The people I grew up among, the Dani of West Papua, held a reverse kind of myth. They believed that there was a race between a bird and snake at the beginning of time and the snake won and therefore was given the gift of eternal life, the capacity to shed its skin, whereas the bird was doomed to die. They were, the myth said, descendants of the bird, and when pale skinned Westerners arrived, they were taken for descendants of the snake. But the message they brought was that these foundation myths had been swept away by the Spirit of God, that everyone – anyone – who calls on the name of the Lord will be saved.

The breath of God comes – so the breadth of God can be revealed.

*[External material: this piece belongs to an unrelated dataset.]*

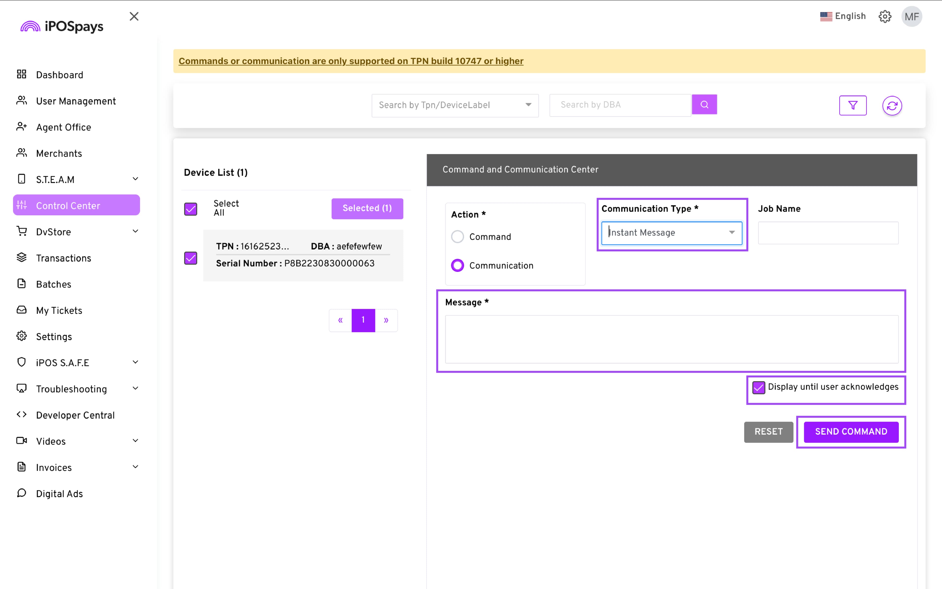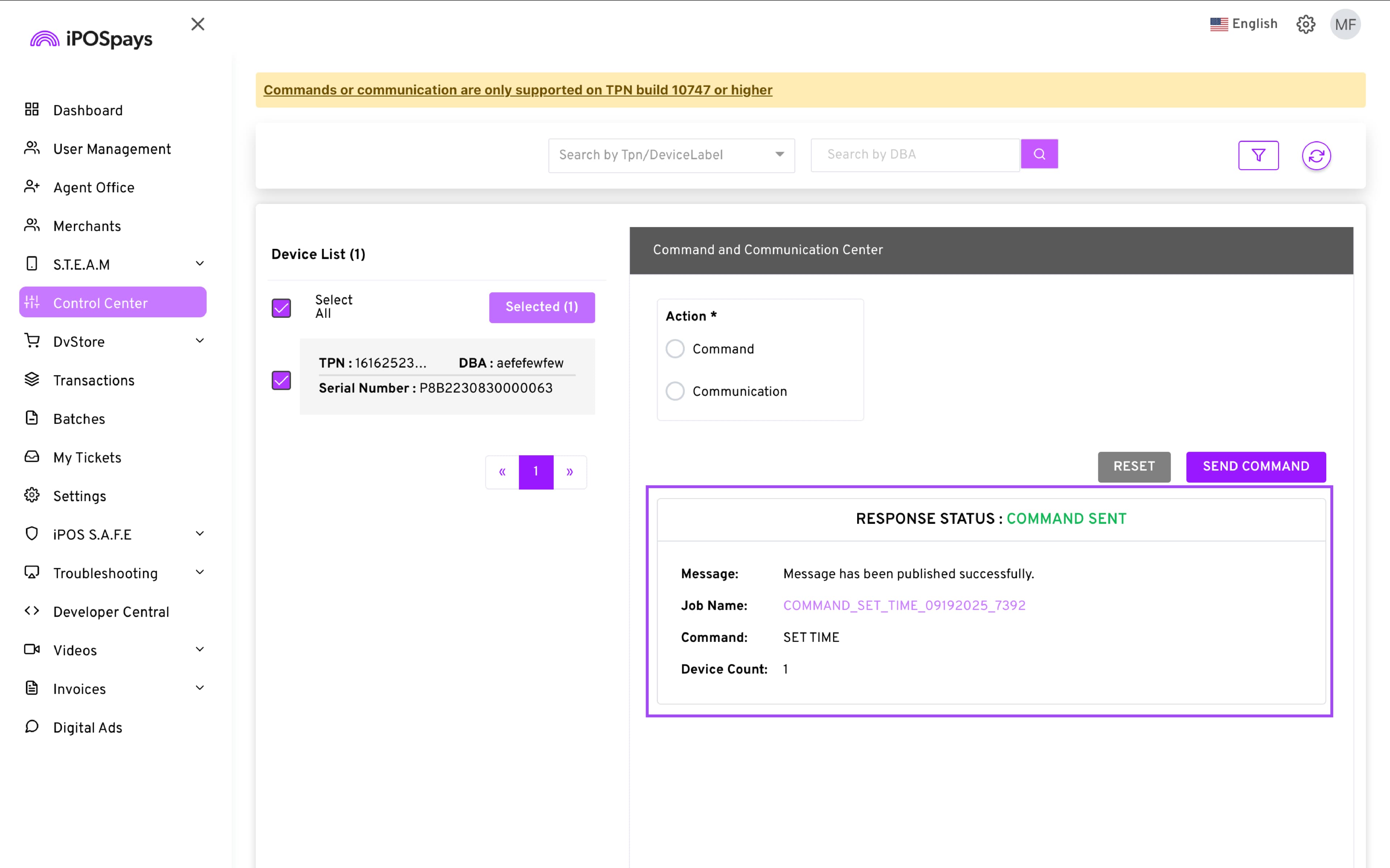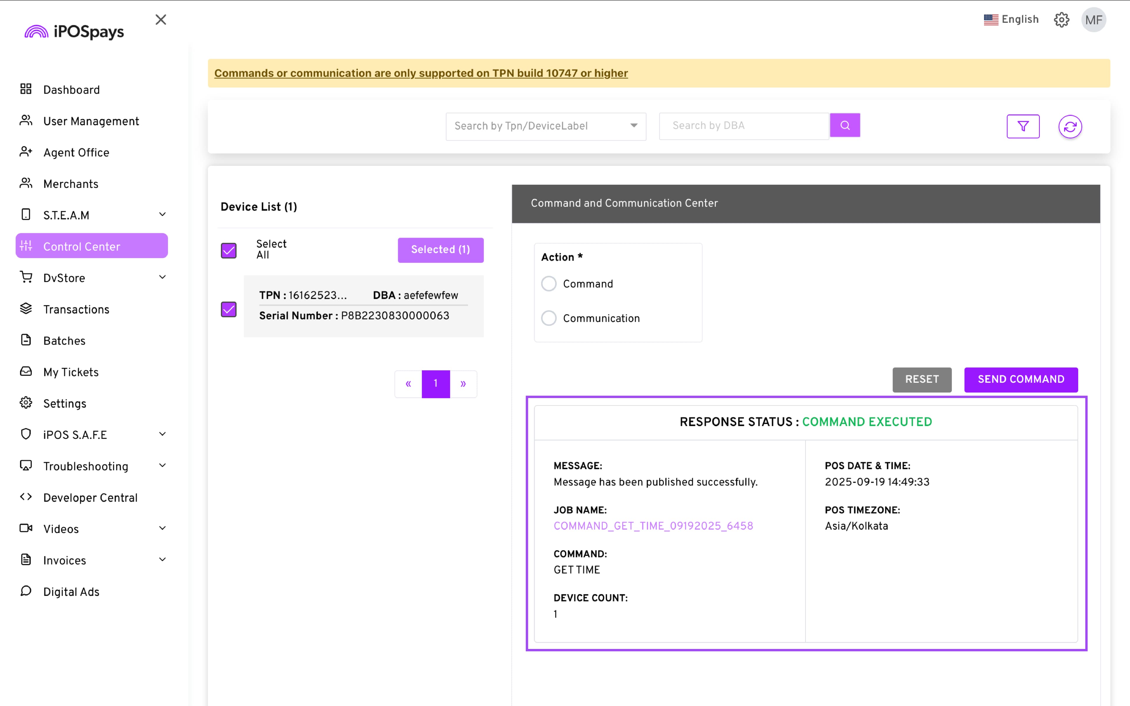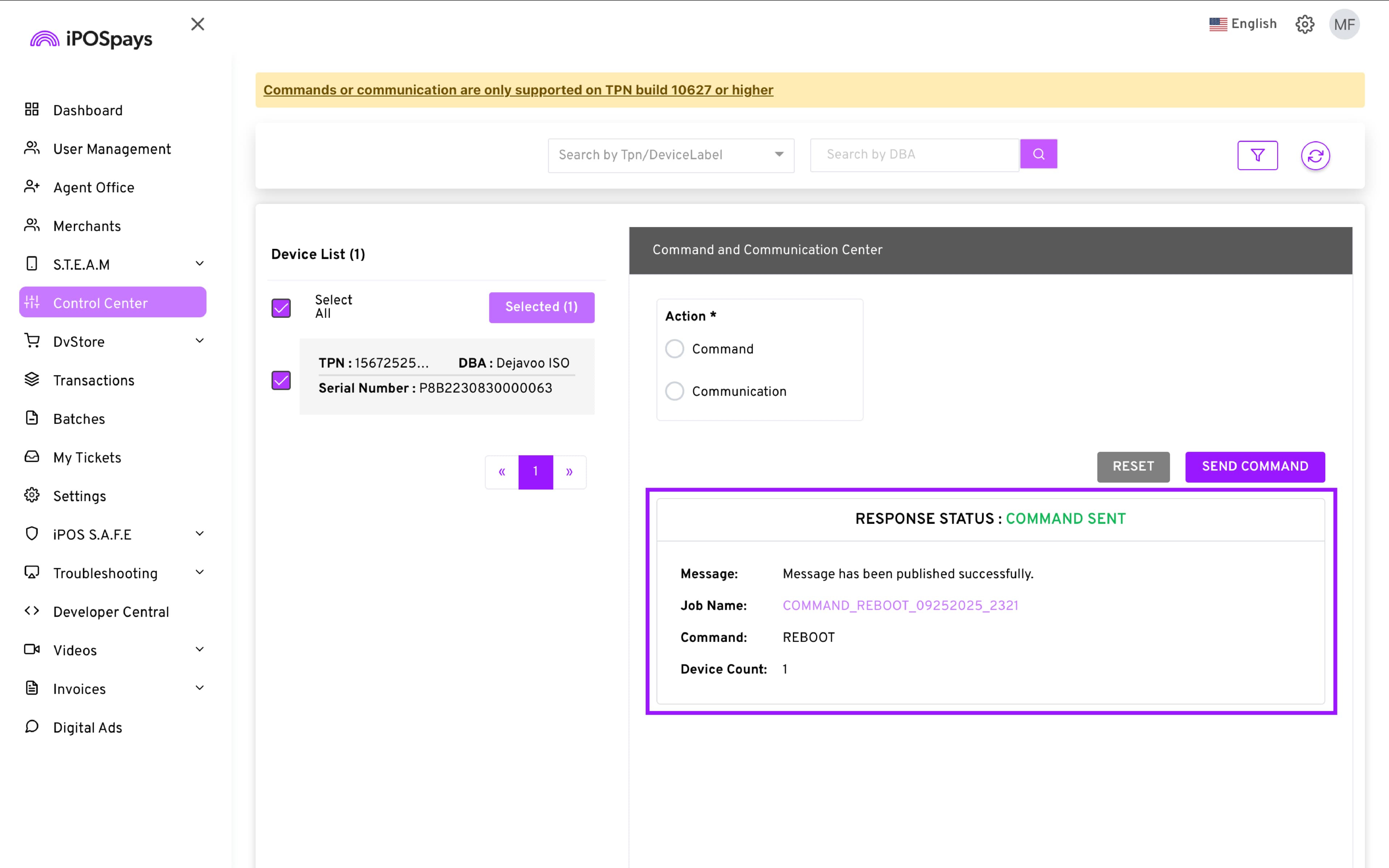 The Command and Communication Center is a feature on the iPOSpays portal that enables ISOs (Independent Sales Organizations) to remotely control merchant payment terminals and communicate with them by sending commands or messages.

And it is the same, the prophet Joel says, with men and women and with young and old. The myths that we might have held that children are of lesser value, that they cannot speak the words of God to us, are swept away. The myths that we might have held that older people are of lesser value, that they cannot speak the words of God to us, are swept away. The myth that women are somehow less able to speak the words of God are swept away. The breath of God comes so that the breadth of God can be revealed.

There are two things I want to say further about this empowering and transforming wind of the Spirit that is still blowing through this church and churches around the world.

Firstly, this is not diversity for diversity’s sake. This is diversity which reveals to us the breadth and the beauty of God. It reveals to us the wideness of God’s mercy. It is the glory of God. It is for the glory of God.

Secondly, the wonderful fact is that within the incredible breadth of God’s love, we are all located. Whatever language we speak or nationality we hold – God pours God’s Spirit out on us. Whatever foundational myths we had in the past – those that set us apart or put us down – God pours God’s Spirit out on us. Whatever age we are – God pours God’s Spirit out on us. Whatever our gender – God pours God’s Spirit out on us.

So, we may see visions of God’s world. So, we may dream dreams. So, we may prophesy. So, we may call on the salvation of God – the healing and making whole of our lives and our world.

I started this sermon with our children – our sons and our daughters sharing their visions – and so, I am going to close by sharing the dreams of our older men and women.

Margaret Gray – In my dreams for the future I would look to the words, “Love your neighbour as yourself,” and a better interpretation, to ‘rather seek to understand than to be understood’.

Les Stein – I dream of a world where people see what needs doing and are prepared to do something – whether that’s something big or something small – about it.

Val Spear – I picture a world where all people are free and equally valued; where all people treat others the way they would like to be treated themselves.

Richard Bauer – My dreams for God’s world are for mankind to be at peace, to accept effective climate change controls, of prosperity and acceptance of God’s love by all.

Gladys Bergersen – I often dream of a world where all men [and women] are equal, or to explain more clearly, a world where people in countries like India, Bangladesh, Sudan and many more enjoy the wonderful lifestyle that we here in Australia take for granted, where a warm comfortable bed to sleep in at night is everyone’s right, where healthy food is on the table every day and where basic hygiene facilities are an accepted way of life for all. And of a time when all people throughout the whole world have been given the opportunity of hearing of a God who loves them and cares for them.